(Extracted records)
_ _ _ _

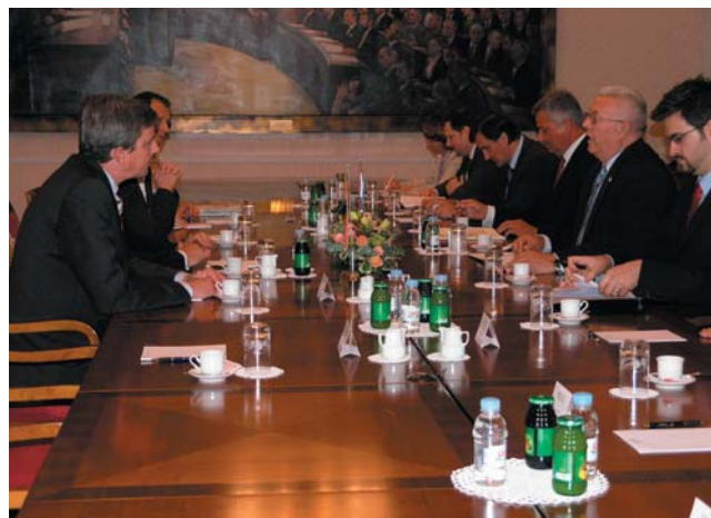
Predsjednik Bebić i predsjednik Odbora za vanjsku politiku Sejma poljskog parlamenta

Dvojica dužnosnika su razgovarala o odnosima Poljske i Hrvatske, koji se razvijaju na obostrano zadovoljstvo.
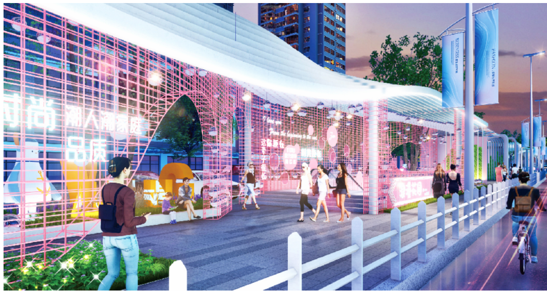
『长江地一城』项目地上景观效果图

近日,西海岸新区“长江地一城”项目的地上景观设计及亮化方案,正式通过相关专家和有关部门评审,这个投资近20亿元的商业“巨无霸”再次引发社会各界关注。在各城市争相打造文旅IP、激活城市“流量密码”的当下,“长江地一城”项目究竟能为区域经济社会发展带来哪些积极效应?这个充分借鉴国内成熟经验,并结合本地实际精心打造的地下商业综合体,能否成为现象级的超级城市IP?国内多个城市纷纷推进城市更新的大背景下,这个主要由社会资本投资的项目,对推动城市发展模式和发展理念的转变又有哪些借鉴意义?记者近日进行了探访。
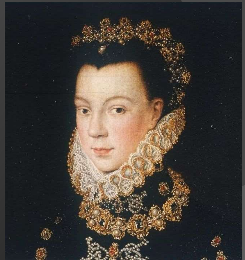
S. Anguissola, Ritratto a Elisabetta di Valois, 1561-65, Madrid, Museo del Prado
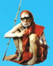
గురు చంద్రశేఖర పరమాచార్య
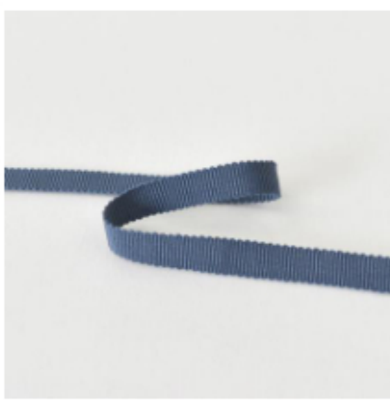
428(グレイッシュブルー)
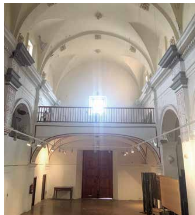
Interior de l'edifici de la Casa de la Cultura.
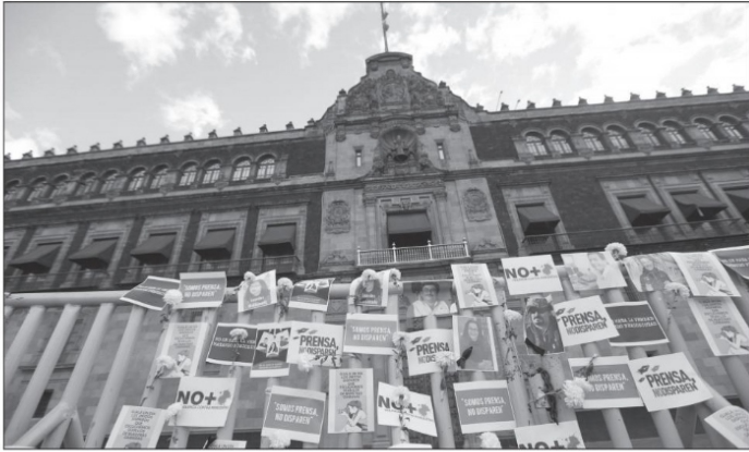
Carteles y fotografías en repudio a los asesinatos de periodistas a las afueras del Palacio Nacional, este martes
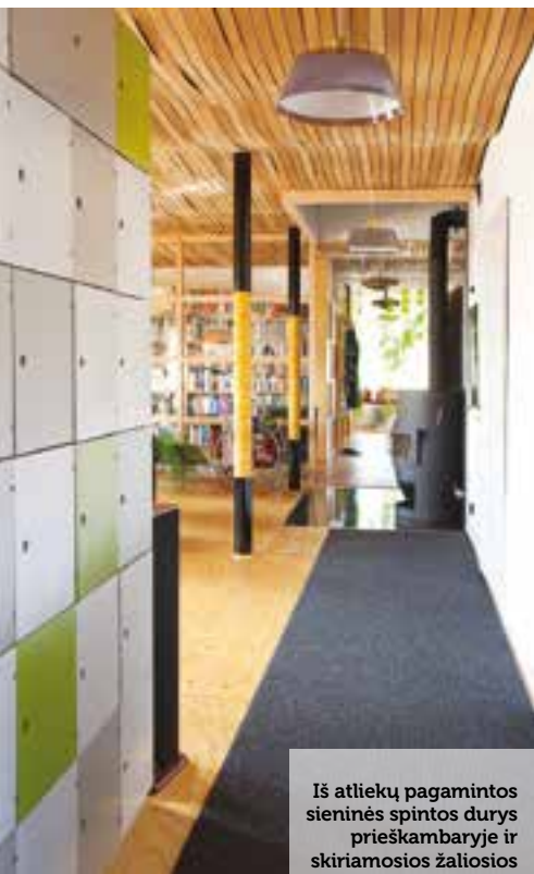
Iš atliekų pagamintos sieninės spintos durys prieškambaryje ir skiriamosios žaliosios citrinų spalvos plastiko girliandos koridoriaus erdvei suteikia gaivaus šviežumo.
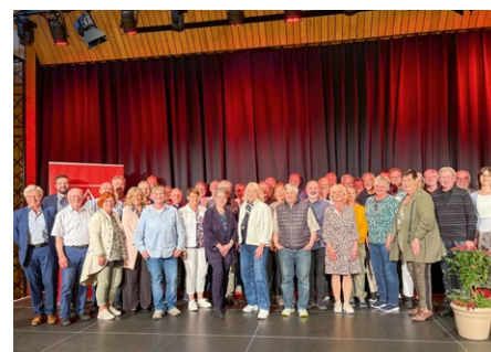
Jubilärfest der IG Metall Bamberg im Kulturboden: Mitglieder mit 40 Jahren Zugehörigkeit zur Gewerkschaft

_ _ _ _

Each line in the data that holds the string "长江地一城" needs to be copied.

## ANSWER FOR THE TASK
『长江地一城』项目地上景观效果图
近日,西海岸新区“长江地一城”项目的地上景观设计及亮化方案,正式通过相关专家和有关部门评审,这个投资近20亿元的商业“巨无霸”再次引发社会各界关注。在各城市争相打造文旅IP、激活城市“流量密码”的当下,“长江地一城”项目究竟能为区域经济社会发展带来哪些积极效应?这个充分借鉴国内成熟经验,并结合本地实际精心打造的地下商业综合体,能否成为现象级的超级城市IP?国内多个城市纷纷推进城市更新的大背景下,这个主要由社会资本投资的项目,对推动城市发展模式和发展理念的转变又有哪些借鉴意义?记者近日进行了探访。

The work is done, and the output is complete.